Is there evidence that churches take on liability by offering counseling services to individuals with mental health struggles? Cole says there is. And the aforementioned Nally case proves it.
From that case (and similar ones), “it seems there is potential that a court may hold a pastor or minister who provides counseling for the purpose of addressing mental health concerns to a higher standard of a licensed counselor, even though he or she may not hold himself out as such or be licensed,” says Cole. “That in and of itself creates [a] higher standard, and so that could mean that . . . the ministry would be evaluated by a court in a more stringent way.”
Though Nally is now a well-known case, Cole says it’s not the only one: “there are cases filed on a regular basis claiming that the pastor or church is liable” for the outcomes when individuals with mental illness sought help from those leaders and churches. “I just think we should proceed with an awareness of the potential liability and with a plan of action for how to address those potential pitfalls,” she says.
Cole says there is no one-size-fits-all approach for churches in the realm of mental health and ministry. Instead, “there are options to be considered based upon any particular church’s potential for liability and what risks they are willing to assume.” Some churches decide to still engage intentionally with ministry toward those struggling with mental health issues because they feel strongly that it’s the right thing to do.

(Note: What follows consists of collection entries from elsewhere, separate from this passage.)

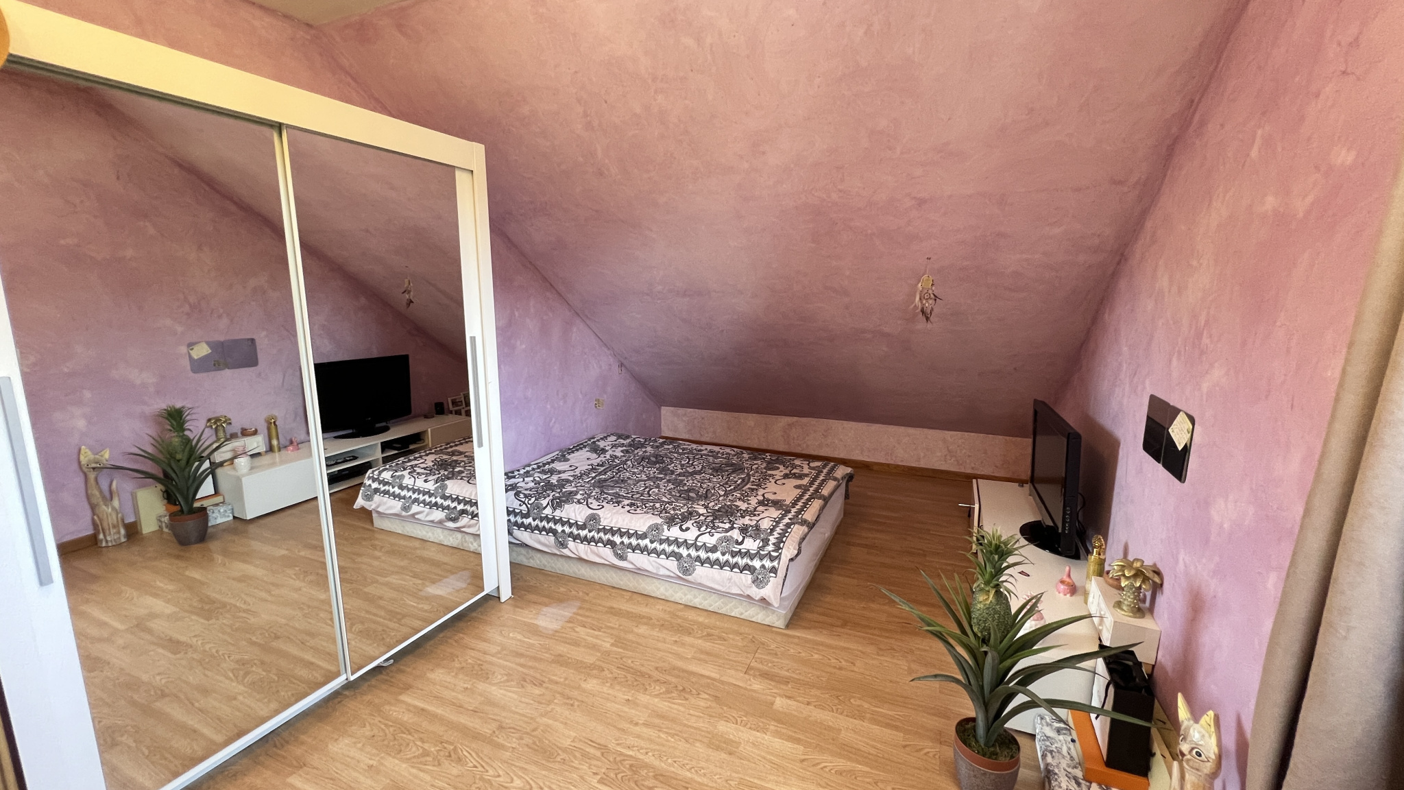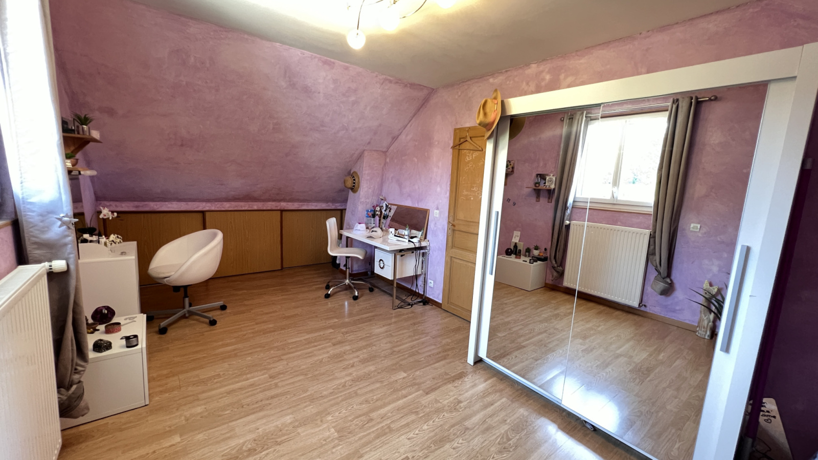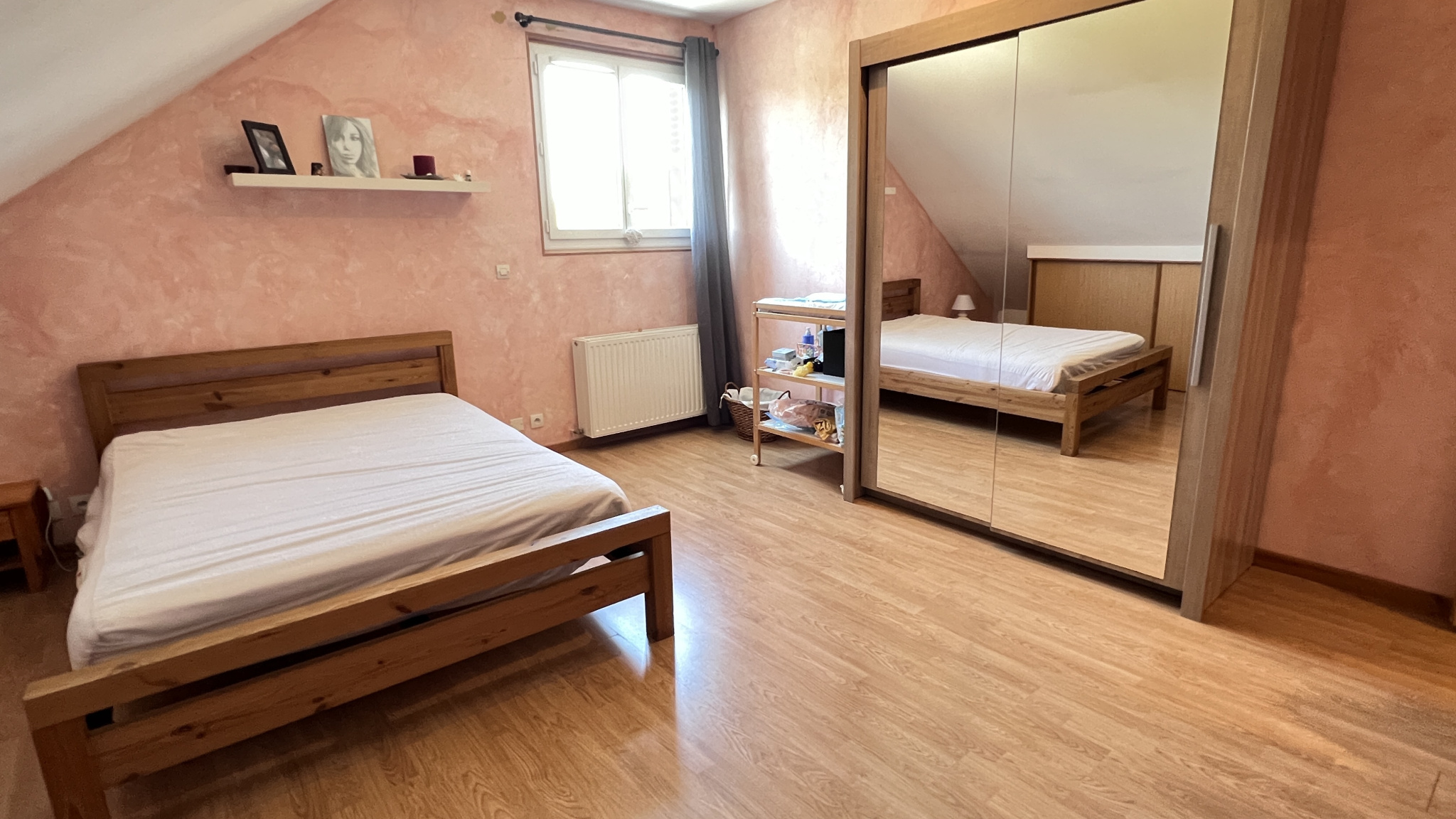 A l'étage, palier desservant deux grandes chambres et une salle d'eau avec wc.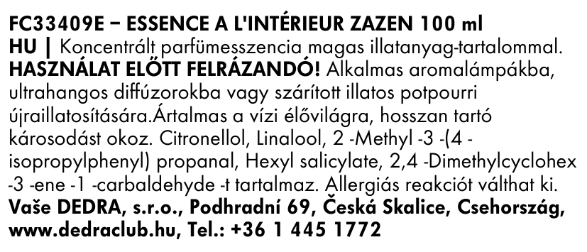 ZAZEN | illóolaj aroma lámpákhoz és diffúzorokhoz | PARFUMIA® BELTÉRI ESSENCIA | 100 ml
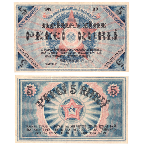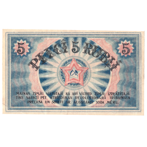 5 рублей Рижский Совет Рабочих Депутатов. Латвия Рига 1919 год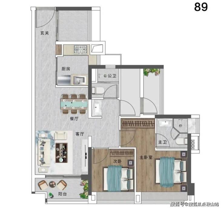 而89平的户型是2+2房2厅2卫,买两房得四房,性价比高。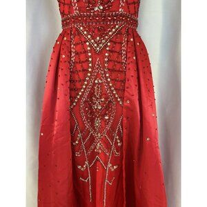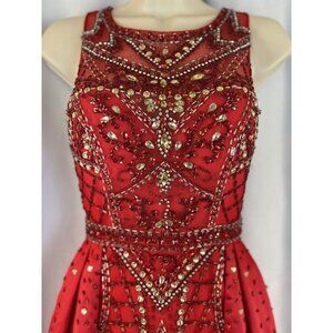 Stunning formal gown! Features intricate stone beading, mesh shoulder panel, open back design, and a full bodied skirt. Fully lined, lightly padded cups, back zipper closure.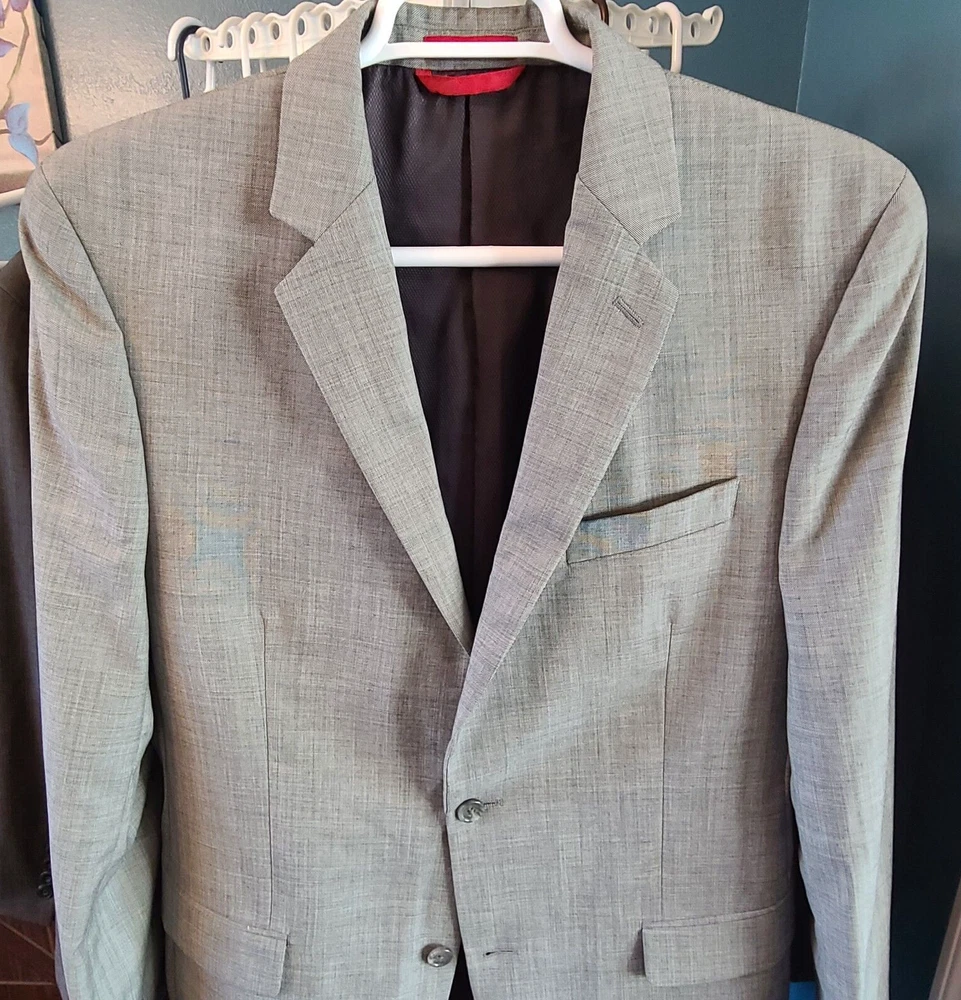 Alfani Light Gray Micro-Check 100% Wool Blazer 42L Sport Coat Suit Jacket Macy's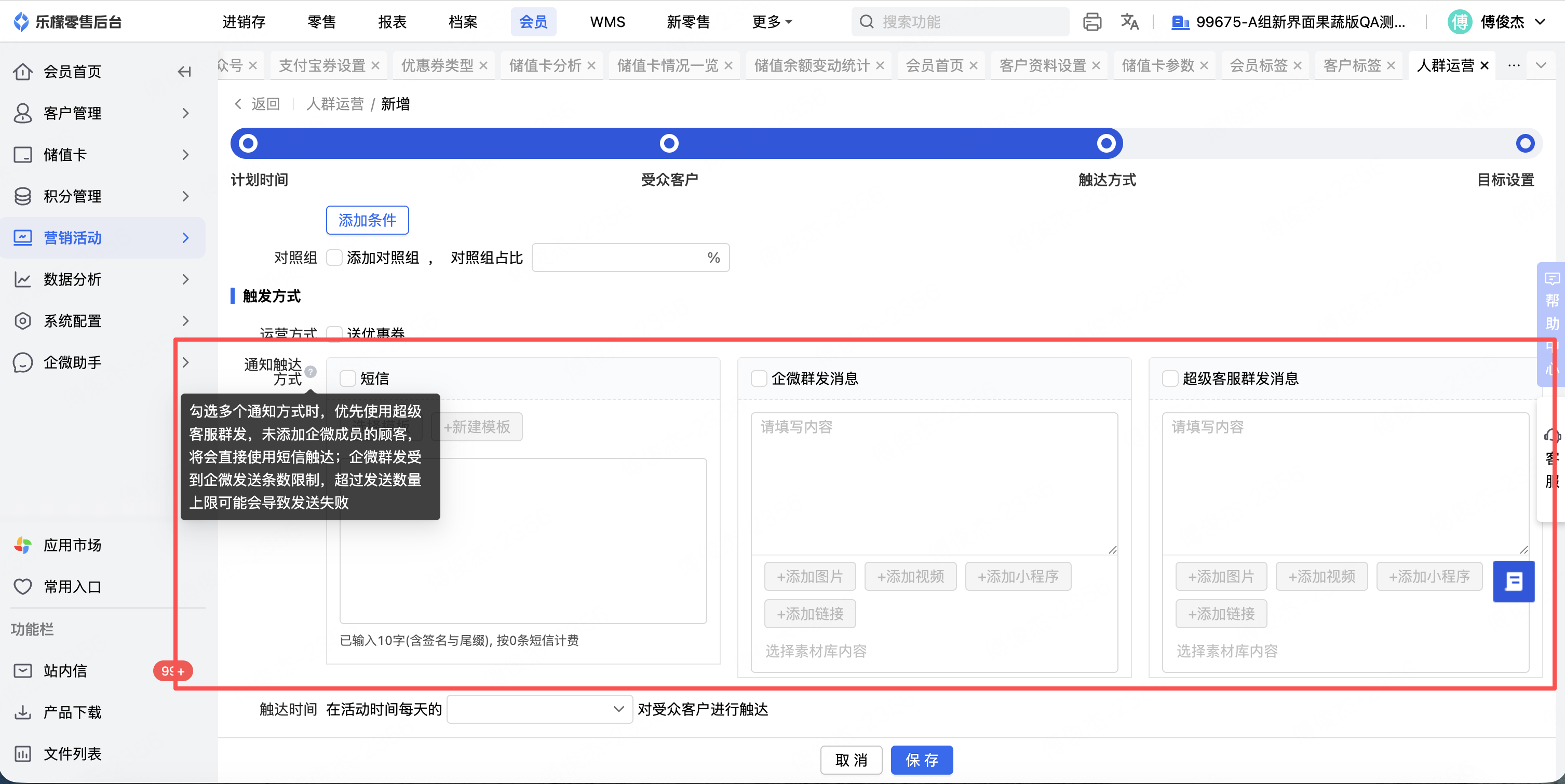 全渠道会员-人群运营-通知触达方式,新增「企微群发消息」和「超级客服群发消息」: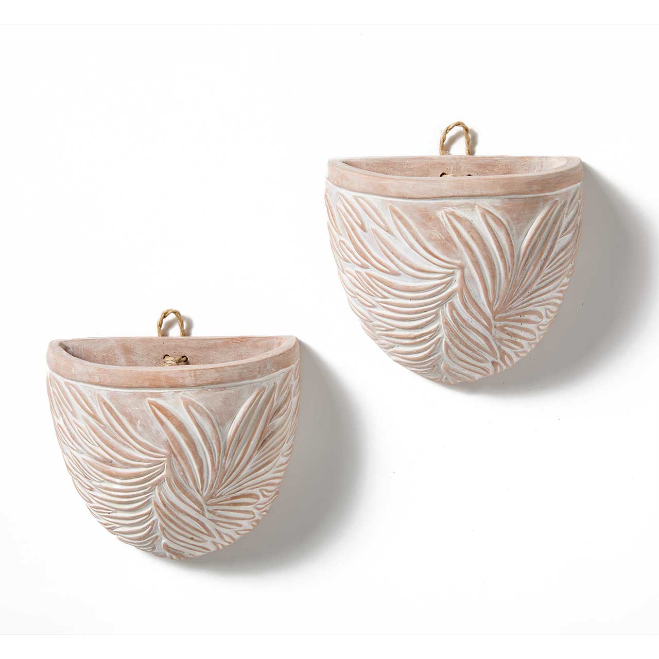 No floor space for a planter? We have you covered ! These wall-mounted planters with a naturally inspired design are just what you need. Each decorative, indoor wall planter is crafted from natural terracotta clay, which is molded, fired, and whitewashed for rustic appeal. These fair trade planters are also easy to mount—simply use the attached, sturdy jute rope hanging loop. Great for succulents, spider plants, herbs and other small plants. No drainage holes. To preserve the beauty and elongate the life of these planters, protect them from rain and excess moisture. Dimensions: 6″h x 7″w. Due to handmade nature, variation may occur.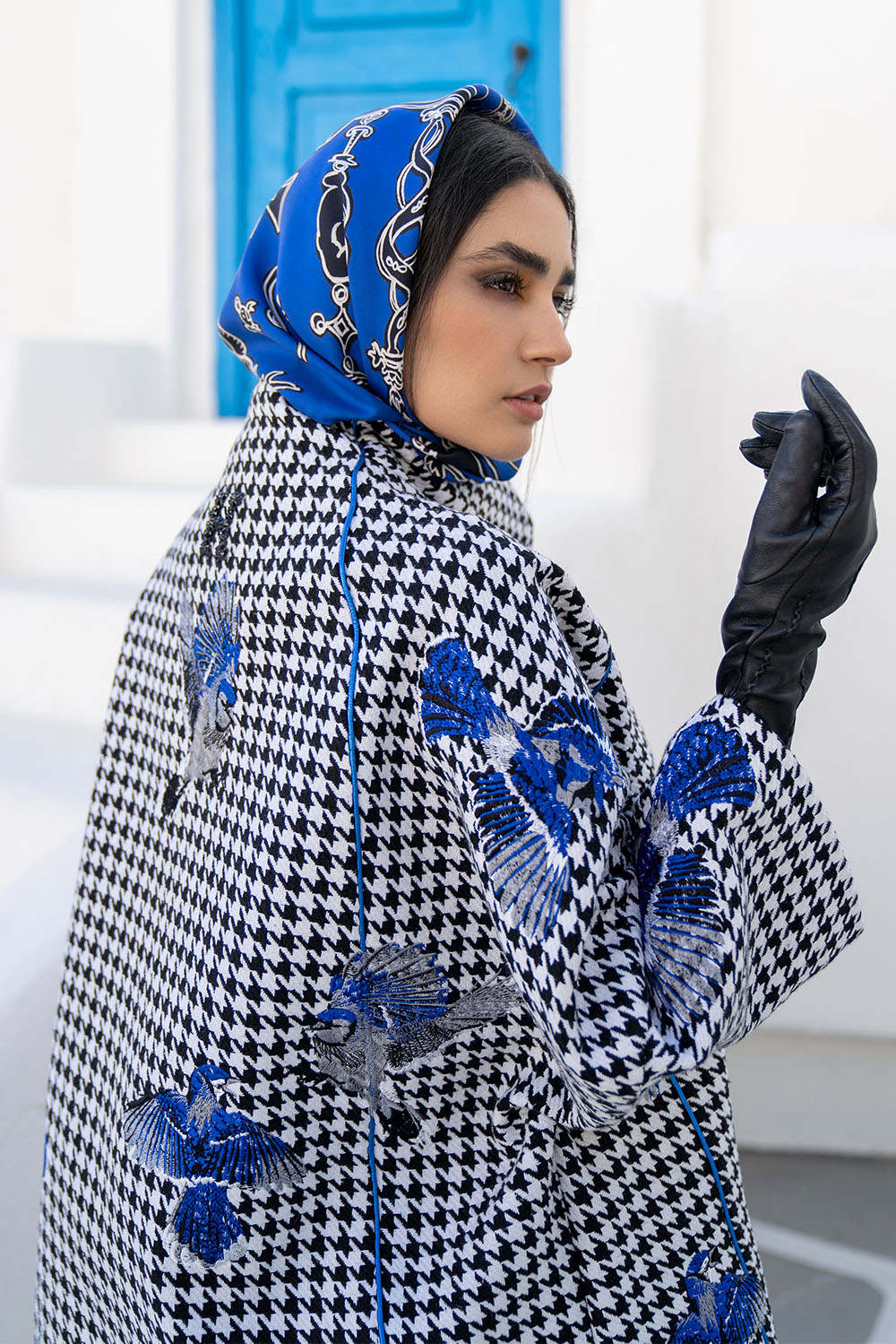 Home2021October Black and white chequered closed colour jacket with blue and grey flying bird embroidery and blue fine piping on edges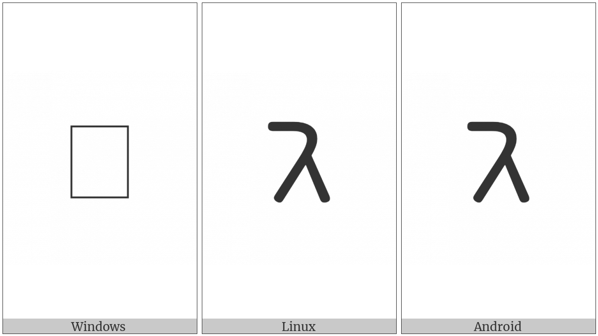 The image below shows how the “Old North Arabian Letter Khah” symbol might look like on different operating systems. If the font in which this web site is displayed does not contain the symbol and there is no fallback font able to render it, you can use the image below to get an idea of what it should look like.

Though churches can never operate risk-free in this area (or in any other), they can manage and minimize their risk. To that end, Cole says there are a few options churches might choose:
Outsourcing mental health counseling
Outsourcing counseling for individuals with mental health issues, rather than providing it internally, ensures that the church can still make referrals but that the liability for the actual treatment will rest with another organization: hopefully one better equipped to meet the higher standards of a licensed counselor.
Licensing the church’s own counselors
Some churches have decided to make sure their counselors are licensed as mental health care professionals: “[i]n other words,” Cole explains, “if you’re going to be held to a higher standard, make sure you have the training of that higher standard.”
Pastoral counseling despite liability
Other churches take the stand that they have a spiritual and ministerial duty to serve the spiritual needs of those struggling with mental health issues. In Cole’s experience, in order to meet those spiritual needs, these churches essentially “let the chips fall where they may” from a liability standpoint.
Those in support of this stance may receive partial support from the fact that relatively few churches to date have been successfully sued for ministering (or attempting to minister) to those with mental health issues. The Nally case occurred in the 1980s—almost 30 years ago—and it’s likely the most relevant case to date. It’s important to note, however, that even if churches haven’t been sued over such issues often, that could change in the future—and the legal landscape may already be changing.
“It used to be unusual for churches to be brought to court, unusual for a church to be sued or a pastor to be sued. [It was] certainly unusual for a pastor to be sued simply because they’re trying to help,” says Cole. “Unfortunately, our current climate reflects an increase in cases filed against churches and pastors across the board, including litigation in the context of church counseling.”
In fact, warns Cole, some jurisdictions in the country have already taken steps to hold even church counseling to the standard of a licensed counselor. Cole says this higher standard creates the potential for a church to be sued if its counseling ministry to mental health issues proves unhelpful or even harmful.
Crafting a policy for in-house pastoral counseling
That potential for a lawsuit is a large warning flag to leaders charged with the risk management of a church and its ministry. But there are ways to approach and mitigate the legal risks associated with offering pastoral counseling to those with mental health issues. Cole offers three guidelines:
- Churches should have a counseling policy. “That [policy] will address the potential legal pitfalls, and it will outline for both counselor and counselee what that church’s approach is internally.”
- If a church does provide counseling internally, it should be (I) biblical counseling and (II) limited to a specific number of sessions. Failing to have one or both of these components opens up a church to “arenas where, in case law, we’ve seen potential for increased liability over time.”
- Once counseling sessions are complete, a church should provide its counselee with a referral to an individual or organization that can provide licensed counseling for mental health. “It’s important that churches have referrals at the ready to someone who is a licensed professional.”
The pastoral argument for ministering despite risks
Stanford, Hoefs, and others who are on the ministry side of this issue view the legal liability as incredibly small. And from a pastoral standpoint, they argue that with a need so great and a problem so widespread, the greater danger for ministry lies in churches not engaging these issues in practical ways.